:: Assigned task ::
Which lines of the entries below run from the one holding "Johanna Cowl Neck Slit Glitter Formal Dress" to the one holding "18일 센서타워에 따르면", inclusive? Set down exactly those lines and no others.

(Data to process)

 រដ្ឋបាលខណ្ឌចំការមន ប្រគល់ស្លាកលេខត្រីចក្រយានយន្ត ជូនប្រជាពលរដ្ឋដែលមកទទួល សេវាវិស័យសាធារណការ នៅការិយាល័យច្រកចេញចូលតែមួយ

(End Data to process)
(Data to process)

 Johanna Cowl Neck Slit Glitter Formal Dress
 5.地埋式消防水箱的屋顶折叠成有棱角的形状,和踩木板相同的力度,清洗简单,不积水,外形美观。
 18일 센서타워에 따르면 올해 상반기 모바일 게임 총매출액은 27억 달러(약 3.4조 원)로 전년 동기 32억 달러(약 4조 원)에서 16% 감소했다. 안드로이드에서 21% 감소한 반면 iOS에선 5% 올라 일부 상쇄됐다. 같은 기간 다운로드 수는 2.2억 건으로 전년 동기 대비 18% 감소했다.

(End Data to process)

:: Task solution ::
 Johanna Cowl Neck Slit Glitter Formal Dress
 5.地埋式消防水箱的屋顶折叠成有棱角的形状,和踩木板相同的力度,清洗简单,不积水,外形美观。
 18일 센서타워에 따르면 올해 상반기 모바일 게임 총매출액은 27억 달러(약 3.4조 원)로 전년 동기 32억 달러(약 4조 원)에서 16% 감소했다. 안드로이드에서 21% 감소한 반면 iOS에선 5% 올라 일부 상쇄됐다. 같은 기간 다운로드 수는 2.2억 건으로 전년 동기 대비 18% 감소했다.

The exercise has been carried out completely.